Commercial operations
- Built by: Pacific Electric Railway
- Original gauge: 4 ft 8+1⁄2 in (1,435 mm) standard gauge
- Original electrification: 600 V DC overhead line

Preserved operations
- Owned by: Port of Los Angeles
- Operated by: Port of Los Angeles
- Stations: 4
- Length: 1.5 mi (2.4 km)
- Preserved gauge: 4 ft 8+1⁄2 in (1,435 mm) standard gauge
- Preserved electrification: 600 V DC overhead line

Preservation history
- July 19, 2003: Opened
- September 27, 2015: Closed

= Waterfront Red Car =

California heritage railway (2003–2015)

The Port of Los Angeles Waterfront Red Car Line was a 1.5 mi heritage streetcar line for public transit along the waterfront in San Pedro, at the Port of Los Angeles in Los Angeles, California. The line operated between July 2003 and September 2015, when service was discontinued due to major construction projects that resulted in the demolition of a portion of the route.

==Route==
The route ran south over a former Pacific Electric Railway right-of-way from the World Cruise Centre cruise ship terminal under the Vincent Thomas Bridge to the intersection of 22nd Street and Miner Street, with intermediate stops at Downtown San Pedro, the Maritime Museum, and the Ports O' Call Village. The service operated three days a week (Friday to Sunday) with occasional service on other weekdays depending on passenger ship landings.

==History==
The Pacific Electric Railway Red Car system operated for over 60 years (the final line closed in 1961), with more than 1,600 km of tramway routes throughout Greater Los Angeles and the surrounding cities and counties.

The heritage streetcar line opened for service on July 19, 2003, with a construction cost of $10 million ($ in adjusted for inflation).

The Waterfront Red Cars were supplemented by two shuttle bus lines. The Blue line serves downtown San Pedro and Ports O' Call village, whereas the Green line serves the harbor and marina.

===Shutdown===
Future extensions to Cabrillo Beach, Harbour Park, the new cruise ship terminal at Berth 46, Pacific Avenue, and Warehouse 1 were initially under consideration.
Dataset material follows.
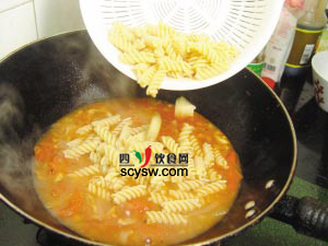 2、要使煮好的意粉爽口彈牙,就一定要在沸水中加鹽,放入意粉煮至軟硬適中,撈起過冷河即成。

In April 2010, a new feasibility report was released, with the first priority to switch much of the existing line to street-running tramway track on Sampson Way.

In 2015 it was announced the Waterfront Red Car Line would be closed for 18 months, with service ceasing in late September 2015, to make way for the realignment of Sampson Way leading into Ports O’ Call Village. Because the street realignment cuts through the southern part of the line, it would require a new track and modified, street-level cars running parallel to the new Sampson Way, estimated to cost $40 million. Port officials eventually concluded that such reconstruction would be cost prohibitive. Waterfront Red Car Line service ended on September 27, 2015. Development plans for San Pedro's Ports O' Call previously announced in March 2016 included the resumption of Waterfront Red Car service; no date for the restoration of the Red Cars was included in the announcement. By 2021, tracks south of 6th Street had been removed and the Harbor Department had no plans to reinstate service.

==Rolling stock==
The Waterfront Red Cars comprised three tram cars in the style of the originals. Two of the three Red Cars — the replica cars, numbers 500 and 501 — were built from scratch by employees of the port of Los Angeles; the interiors were cooled using the same clerestory-style windows as the original 500-class Red Cars (“The Fives”).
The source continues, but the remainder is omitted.